In the forest, Ebd was measured at each of the 40 sampling points, and
Ea and Ead were measured in a large
gap (about 30 m diameter) within the forest stand. At least two sets of
PAR measurements were made for each canopy type to yield gap fraction at
more than one solar zenith angle.
Mean LAI values were always lower (paired t-tests, P<0.0001-0.0074) when gap fraction was calculated by including diffuse PAR as compared with subtracting diffuse from total PAR. The decrease in LAI was about the same in forest and orchard canopies (19-29% reduction). The downward bias in LAI that results from including diffuse PAR is expected to increase as diffuse PAR becomes a greater proportion of total below-canopy PAR. Thus, this bias could be significant in many forests.
When diffuse PAR was subtracted to avoid this bias, the numerator of Eq. (3) occasionally became zero when the measured below-canopy diffuse PAR was equal, within the resolution of the instrument, to total below-canopy PAR. This resulted in a gap fraction of zero for which no LAI can be calculated, as the logarithm of zero is undefined. We examined two ways to solve this problem -- by discarding zero gap fraction data points, or by substituting a small number (which reflected the sensitivity of the instrument) for the zero numerator of Eq. (3) when calculating gap fraction.
The small value we chose to substitute was 0.5 m mol m-2 s-1 PAR flux because the Ceptometer PAR readout is in whole units. Hence, when the numerator of Eq. (3) was zero we substituted 0.5. (For comparison, standard PAR in full sunlight is approximately 2000, m mol m-2 s-1.) When gap fraction values of zero were excluded from the calculations (Table 1), the resulting mean LAI values were lower in all eight comparisons than when 0.5 m mol m-2 s-1 was substituted.
The sensitivity of calculated LAI to the substitution of a small value for zero gap fractions is shown for the forest data in Fig. 1. LAI results for two data sets, which differed in number of zero gap fraction values, are plotted. The Line Quantum Sensor data set had 14 zero gap fraction values (17.5% of data set ), and LAI (Campbell's or Beer-Lambert) was more sensitive to this substitution than in the Ceptometer data set, which had only three zero values (3.8% of data set). LAI calculated using the Beer-Lambert Law is more sensitive (steeper slope) than LAI from Campbell's inversion model for both tree canopy data sets. From the regression equations for these lines, we calculated that our substitution of 0.5 m mol m-2 s-1 PAR in the numerator of Eq. (3) is equivalent to substituting a value of about 10-3 for gap fraction.

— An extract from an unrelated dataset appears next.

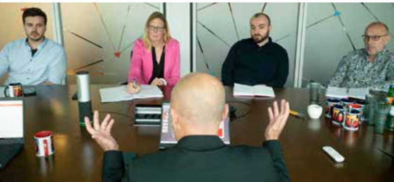
Vielfalt ist bei TO DO Solutions Teil des Unternehmenserfolgs.

https://www.bab-bremen.de/de/page/programm/diversity-kmu

The Beer-Lambert Law always yielded a higher LAI than Campbell's method (Table 1). The increase in LAI with the Beer-Lambert method ranged from 26 to 88%. Subtracting or including diffuse PAR had little effect on the magnitude of the increase. Line Quantum Sensor results showed a greater response (55-88%increase)than Ceptometer LAI results (26-43%increase).
LAI calculated from the Ceptometer and Line Quantum Sensor differed significantly for the forest regardless of analytical method or whether diffuse PAR was subtracted or included (paired t-tests, 0.0001<P<0.017). Ceptometer LAI was greater than Line Quantum Sensor LAI when Campbell's method was used but Ceptometer LAI was lower when the Beer-Lambert Law was used. For the orchard, the LAI calculated from the Ceptometer and Line Quantum Sensor with Campbell's method did not differ significantly (paired t-tests, P=0.80). However, LAI from these two instruments differed when the Beer-Lambert Law was used with diffuse PAR subtracted (P=0.03) but not when diffuse PAR was included (P=0.09).
Hemispherical photographs
Gap fraction analysis of hemispherical photographs revealed that occasionally
some segments (of the 160 segments per photograph) have gap fractions of
zero. Rather than discard these zero values (which leads to a downward
biased LAI estimate) or substitute a wholly arbitrary value we attempted
to use a value close to the resolution of the digitizing procedure. When
the unweighted openness of a segment was zero we assigned 0.5 pixel of
openness to that segment. Because of the hemispheric projection onto a
flat surface, the number of pixels per segment is lowest at the center
(near the zenith) and highest at the perimeter (near the zenith horizon).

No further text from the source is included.